BEGIN Data shown
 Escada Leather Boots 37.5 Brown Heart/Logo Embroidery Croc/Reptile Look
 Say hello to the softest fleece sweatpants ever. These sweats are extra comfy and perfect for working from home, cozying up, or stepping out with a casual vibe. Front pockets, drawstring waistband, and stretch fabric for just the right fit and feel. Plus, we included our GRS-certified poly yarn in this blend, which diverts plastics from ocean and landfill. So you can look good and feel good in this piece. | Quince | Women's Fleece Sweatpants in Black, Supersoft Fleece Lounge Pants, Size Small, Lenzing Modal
END Data shown
BEGIN Data shown
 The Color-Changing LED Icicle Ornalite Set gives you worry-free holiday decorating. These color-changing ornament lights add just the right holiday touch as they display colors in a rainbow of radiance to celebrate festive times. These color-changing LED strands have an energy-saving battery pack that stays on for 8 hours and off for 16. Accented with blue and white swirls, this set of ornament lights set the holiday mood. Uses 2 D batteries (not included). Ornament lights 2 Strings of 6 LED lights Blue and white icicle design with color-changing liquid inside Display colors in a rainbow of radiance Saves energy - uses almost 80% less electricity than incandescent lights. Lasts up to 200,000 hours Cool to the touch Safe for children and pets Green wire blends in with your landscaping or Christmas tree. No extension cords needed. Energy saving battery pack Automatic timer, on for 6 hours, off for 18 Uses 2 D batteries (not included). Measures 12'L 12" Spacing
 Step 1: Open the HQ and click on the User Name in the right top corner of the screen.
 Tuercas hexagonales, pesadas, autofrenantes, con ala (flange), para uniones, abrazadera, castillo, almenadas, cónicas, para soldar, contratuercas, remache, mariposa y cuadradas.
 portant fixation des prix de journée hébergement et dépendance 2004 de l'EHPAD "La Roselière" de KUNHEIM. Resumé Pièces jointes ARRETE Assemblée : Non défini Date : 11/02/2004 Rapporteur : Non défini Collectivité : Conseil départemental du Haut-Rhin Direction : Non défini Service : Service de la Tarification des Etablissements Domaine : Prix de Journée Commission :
END Data shown
= What is being asked =
Check each line above for the string "just", then copy the ones that have it.

= Solution to this problem =
 Say hello to the softest fleece sweatpants ever. These sweats are extra comfy and perfect for working from home, cozying up, or stepping out with a casual vibe. Front pockets, drawstring waistband, and stretch fabric for just the right fit and feel. Plus, we included our GRS-certified poly yarn in this blend, which diverts plastics from ocean and landfill. So you can look good and feel good in this piece. | Quince | Women's Fleece Sweatpants in Black, Supersoft Fleece Lounge Pants, Size Small, Lenzing Modal
 The Color-Changing LED Icicle Ornalite Set gives you worry-free holiday decorating. These color-changing ornament lights add just the right holiday touch as they display colors in a rainbow of radiance to celebrate festive times. These color-changing LED strands have an energy-saving battery pack that stays on for 8 hours and off for 16. Accented with blue and white swirls, this set of ornament lights set the holiday mood. Uses 2 D batteries (not included). Ornament lights 2 Strings of 6 LED lights Blue and white icicle design with color-changing liquid inside Display colors in a rainbow of radiance Saves energy - uses almost 80% less electricity than incandescent lights. Lasts up to 200,000 hours Cool to the touch Safe for children and pets Green wire blends in with your landscaping or Christmas tree. No extension cords needed. Energy saving battery pack Automatic timer, on for 6 hours, off for 18 Uses 2 D batteries (not included). Measures 12'L 12" Spacing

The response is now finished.